A word of caution: while typologies such as this one are useful, they don’t necessarily reflect the complexities in real life. For example, consensual boards can masquerade as high-functioning and efficient because decisions get through quickly with less time spent on robust debate. Similarly, factional boards can masquerade as high-functioning because decisions are carried quickly, usually by the loudest voices. An effective chair is alert to these social cues and the direction of travel of the dynamic. Adding just one NED can potentially alter a high-performing dynamic.
Implications for nominations committees
Nominations committees need to recognise the limitations of the traditional skill-based matrix, which has long been the guiding paradigm for selecting new directors. The underlying propensities of prospective NEDs also matter, and a more robust and systematic approach to identify and assess these is needed. A rethink is also needed to ensure an optimal mix of board capital for both consensus and contention to thrive on a board.

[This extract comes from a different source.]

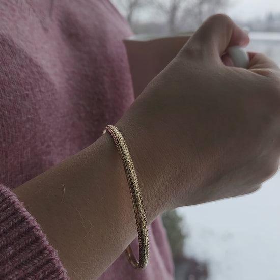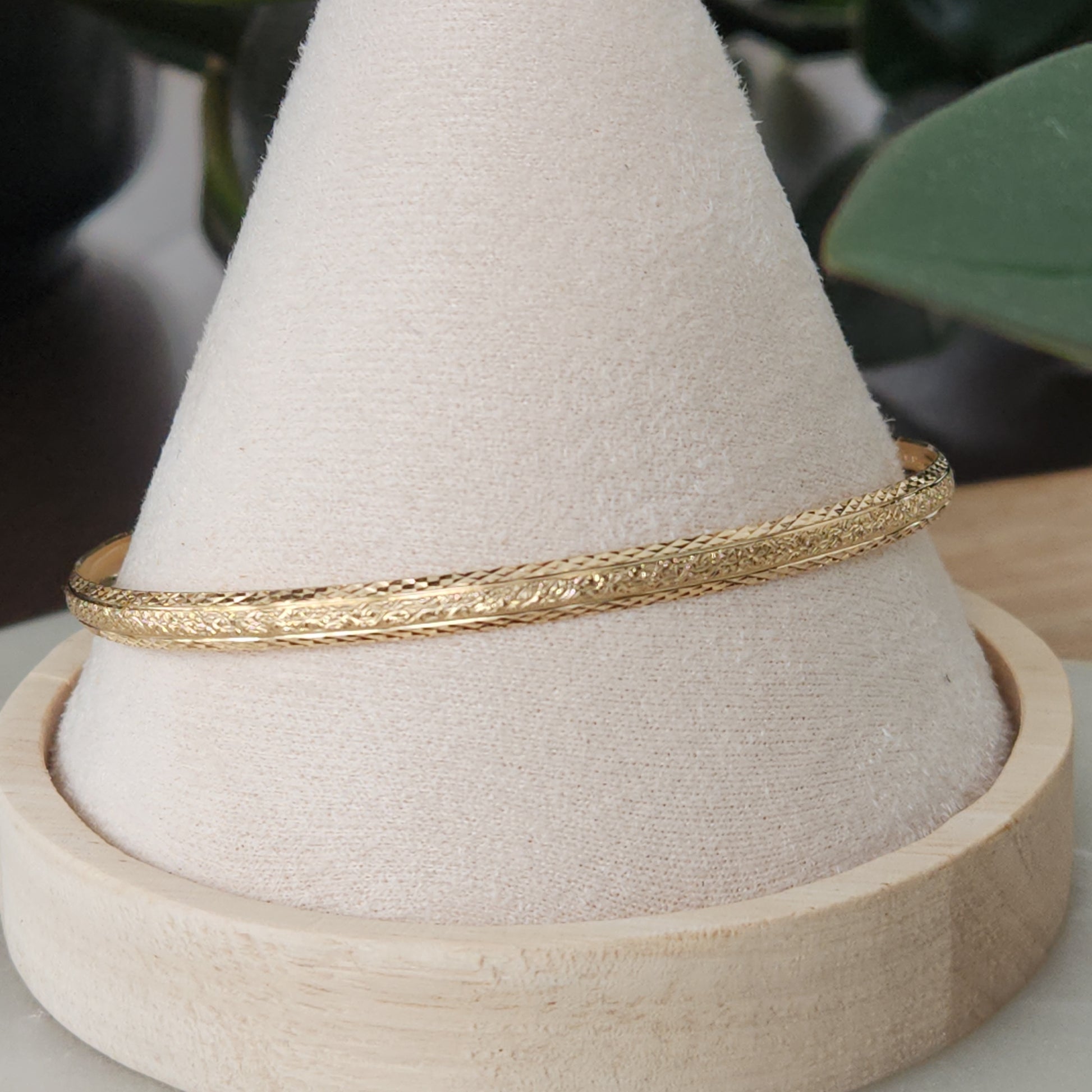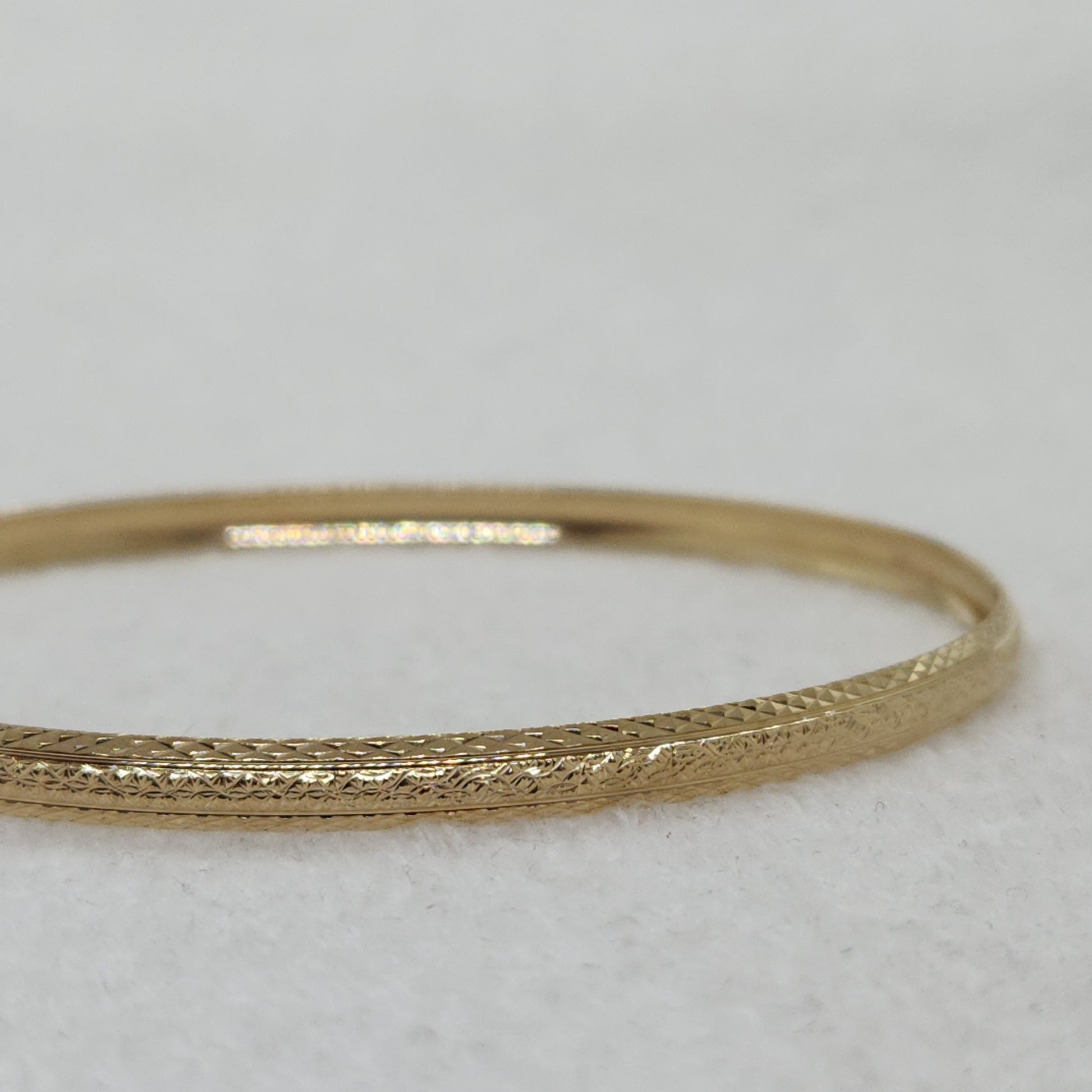 Radiant and refined, this bangle is incredibly eye-catching! The texture bounces the light around and it's sparkle galore. This classic bangle can stand on its own or part of a bangle stack.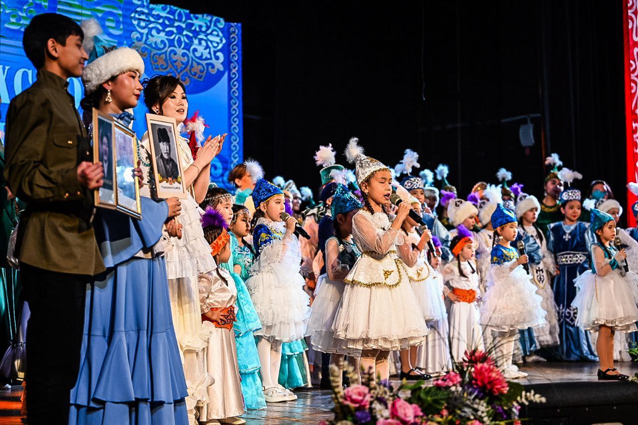 На праздничной площадке были размещены стенды, рассказывающие о жизни и подвиге Героя России, участника СВО Жумабая Раизова и вкладе казахского народа в Победу в Великой Отечественной войне.

This applies equally with hiring retiring CEOs and executive directors as with hiring managing partners from professional services firms. Both can be biased by sector-accepted norms or industry recipes that may potentially trap thinking.

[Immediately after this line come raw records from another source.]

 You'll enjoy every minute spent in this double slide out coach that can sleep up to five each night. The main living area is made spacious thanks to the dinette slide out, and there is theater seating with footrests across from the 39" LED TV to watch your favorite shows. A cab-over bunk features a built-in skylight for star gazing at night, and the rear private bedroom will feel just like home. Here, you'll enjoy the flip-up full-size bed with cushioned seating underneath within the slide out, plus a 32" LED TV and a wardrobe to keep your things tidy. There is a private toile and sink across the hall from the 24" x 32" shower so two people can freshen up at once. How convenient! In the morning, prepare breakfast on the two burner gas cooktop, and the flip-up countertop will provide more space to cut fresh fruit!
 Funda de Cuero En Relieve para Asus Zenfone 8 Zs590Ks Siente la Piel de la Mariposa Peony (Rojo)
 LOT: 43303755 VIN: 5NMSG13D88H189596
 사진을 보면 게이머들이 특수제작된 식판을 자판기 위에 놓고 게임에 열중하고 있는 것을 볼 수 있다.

It will not guard against the unjustified support for a persuasive sub-group. Some boards may fail a rigorous test of the extent of their cognitive and ideological diversity, but it is not too late to consider a different paradigm from the skill-based board to guide future board renewal efforts.
There is evidence of board evaluations/reviews being limited in strengthening board decision culture. This is because they tend to focus on how the formal instruments of control are operating rather than recognising the social control the behaviour of powerful individuals can have. Greater awareness and alertness to the human dimension of governance is required of boards.

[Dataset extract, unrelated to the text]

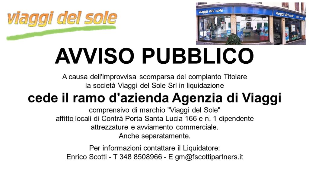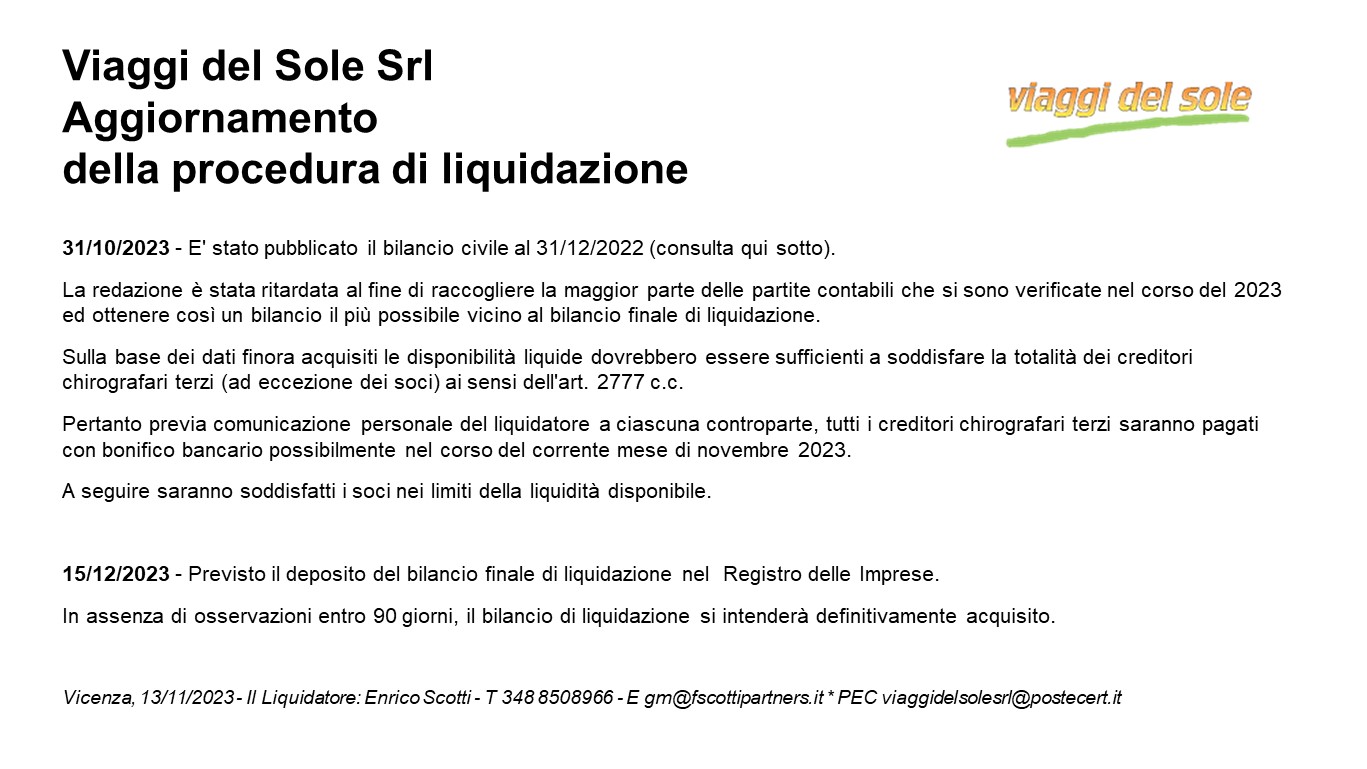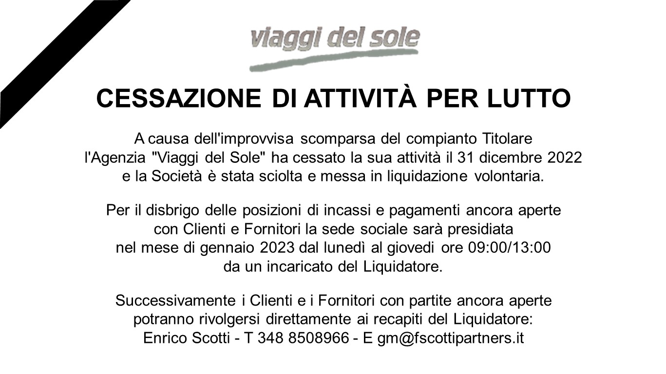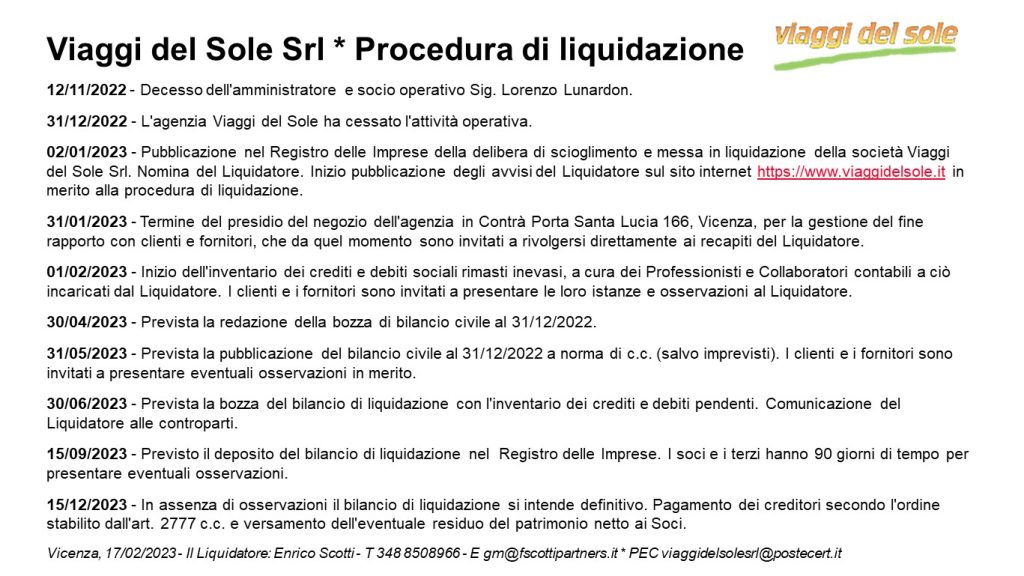 Liquidazione Viaggi del Sole Srl * Avvisi pubblici del Liquidatore Enrico Scotti – T 3488508966 – E gm@fscottipartners.it * Pec viaggidelsolesrl@postecert.it

Nominations committees might consider these questions:
- How can boards ensure there is sufficient cognitive and ideological diversity applied to how value-creating decisions are collectively influenced?
- How can boards assess if NEDs’ use of board capital is being enabled or hindered by power asymmetries?
- What and how are NEDs’ propensities taken into account in director selection and development to allow both consensus and contention to thrive in equal measure, and the implicit signals it sends the wider organisation it governs about the culture it expects?
- How systematically is the propensity to influence and the propensity to be influenced assessed during the appointing process?
- To what extent does your board effectiveness review surface and address the undercurrents that impede independent-mindedness?
Soft governance offers great promise in helping boards face the silent risks it carries and actively reshape the dynamics hindering their effectiveness.
Meena Thuraisingham GAICD is founder/principal at BoardQ advisory. Former executive roles include ANZ and Esso Australia. She recently completed her PhD at RMIT on the antecedents and moderators of board decision dynamic. She is a member of the International Women’s Forum.
*This research was based on 15 ASX-listed companies spread across sectors at the top end of the listing. The study used post-event NED recollections in the 12 months preceding the finalisation of a transformative decision. In all cases, this related to entry into a new market by acquisition, a high-stakes decision for the company and NEDs. The focus on large value-creating decisions amplified the test board effectiveness was put through. Using NEDs as “expert witnesses”, (applying a range of methodologies including sense-making theory, narrative analysis and semi-structured behavioural interviewing) the research focused on NEDs’ influence attempts when shaping strategy, the thinking behind those attempts and their responses to the influence attempts of their peers.